Concatenaciones
Fernando Irala
Un siglo de su promulgación cumplió ayer nuestra Carta Magna, y además de las ceremonias en todo el país, el momento fue propicio para publicar la Constitución que ahora rige la vida de la ciudad de México, convertido el viejo Distrito Federal en un ente raro que no es un estado aunque se le parece.
En el transcurso de una centuria, la Constitución mexicana ha cambiado tanto y tantas veces que es casi ya irreconocible.
Tal vez lo más notable no ese espíritu reformador que hace a los legisladores introducir continuas modificaciones, sino el hecho de que ni sus dictados ni las leyes derivadas tienen real aplicación en el diario acontecer.
Los gobernantes y los estudiosos del tema han hecho ya un cliché de que en México no vivimos efectivamente un estado de Derecho. Los poderosos no se someten a los preceptos legales porque se sienten por encima de la sociedad, pero la gente común tampoco se considera sujeta a leyes, pues sabe que cuenta con diversos recursos para ignorarla, desde la "mordida" hasta el motín, disfrazado de resistencia pacífica.
Entretanto la Constitución ha engrosado, se ha vuelto obesa, y su texto aborda sin sentido el detalle que debería desplegarse en las llamadas leyes secundarias. En particular, en interés de los partidos políticos se han introducido largas parrafadas que norman el proceso electoral, la pesada institucionalidad relativa y las canonjías tan apreciadas por funcionarios y grupos partidarios.

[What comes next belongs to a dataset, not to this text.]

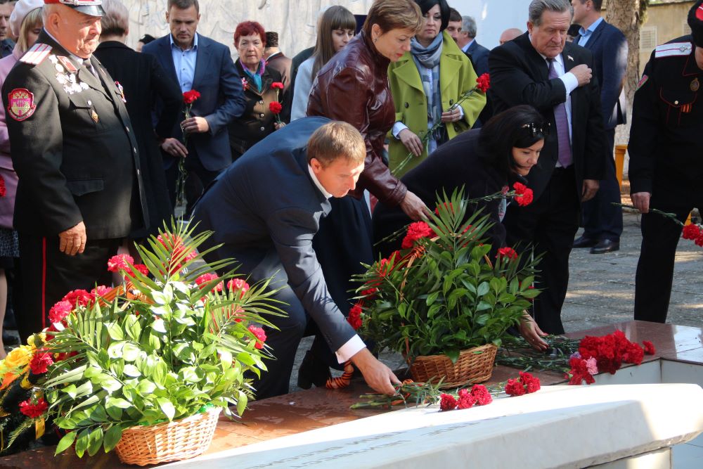 - Именно здесь, пересекая весь Таманский полуостров, тянулась укрепленная полоса фашистской обороны - «Голубая линия». 16 сентября 1943 года она была прорвана советскими войсками. Нельзя забывать и о самоотверженных партизанах и подпольщиках, которые смело провели множество боевых и диверсионных операций, - подчеркнул в своем выступлении Иван Костюк. - Битва за Кавказ вошла в историю, как одно из самых крупнейших сражений Великой Отечественной войны, во время которой погибло около 9 тысяч советских воинов. Особые слова благодарности за мужество и героизм мы говорим ветеранам Великой Отечественной войны! Спасибо вам, за Победу, за мир на нашей земле!
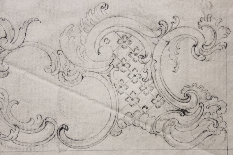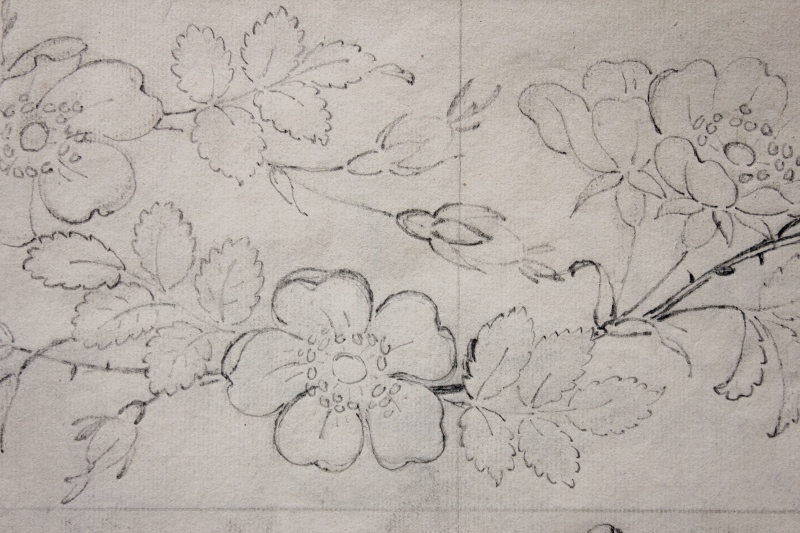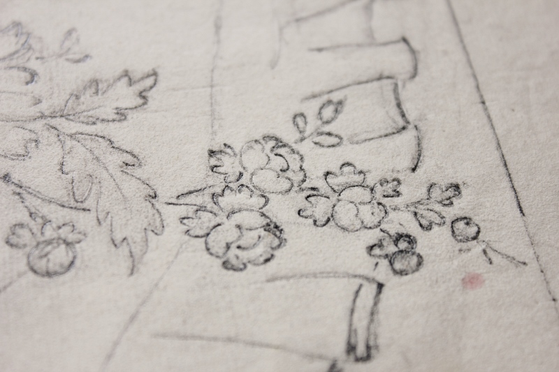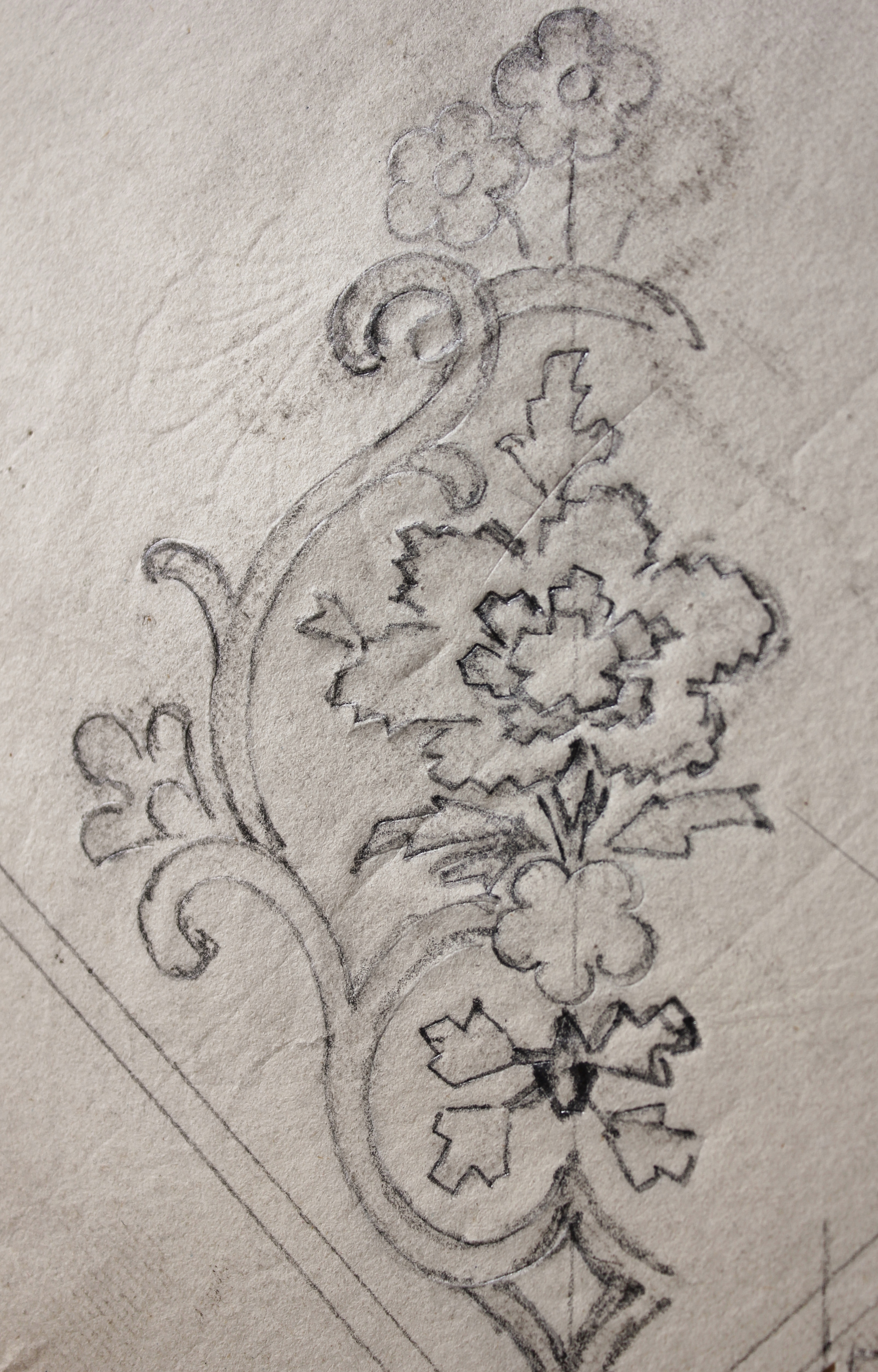Joli trésor de brocante bourguignonne. J’ai eu un coup de foudre il y a quelques années pour ces planches de dessin entassées par dizaines dans un vieux carton au fond de la boutique d’une antiquaire. Je n’ai pas osé en prendre plus de quatre feuillets, mais si j’avais été moins timorée j’aurais tout emporté… Comme pour la broderie, et tous les travaux minutieux, je suis fascinée à l’idée de cette main méticuleuse et soignée qui à dû passer des heures à calculer la dimension de ses motifs afin qu’ils s’entrelacent sans heurt à l’infini. Selon l’antiquaire, ces feuillets auraient été dessinés par un membre de sa famille au début du XXe siècle pour une manufacture de papier peint normande. Légende ou non, je les trouve magnifiques et ne me lasse pas de les contempler !8

En parte porque nadie aprecia el estado de Derecho, y en parte por esa perversión, más que evolución constitucional, ni la celebración del centenario de la norma federal, ni el nacimiento de la ley fundamental de la capital, han entusiasmado ni a los mexicanos ni a los chilangos.
Si alguien hace una encuesta de las tan usuales en la actualidad preguntando lo que se celebró ayer, habrá un gran número de respuestas que se refieran al supertazón.
Signos de los tiempos y del escepticismo que es virtud nacional.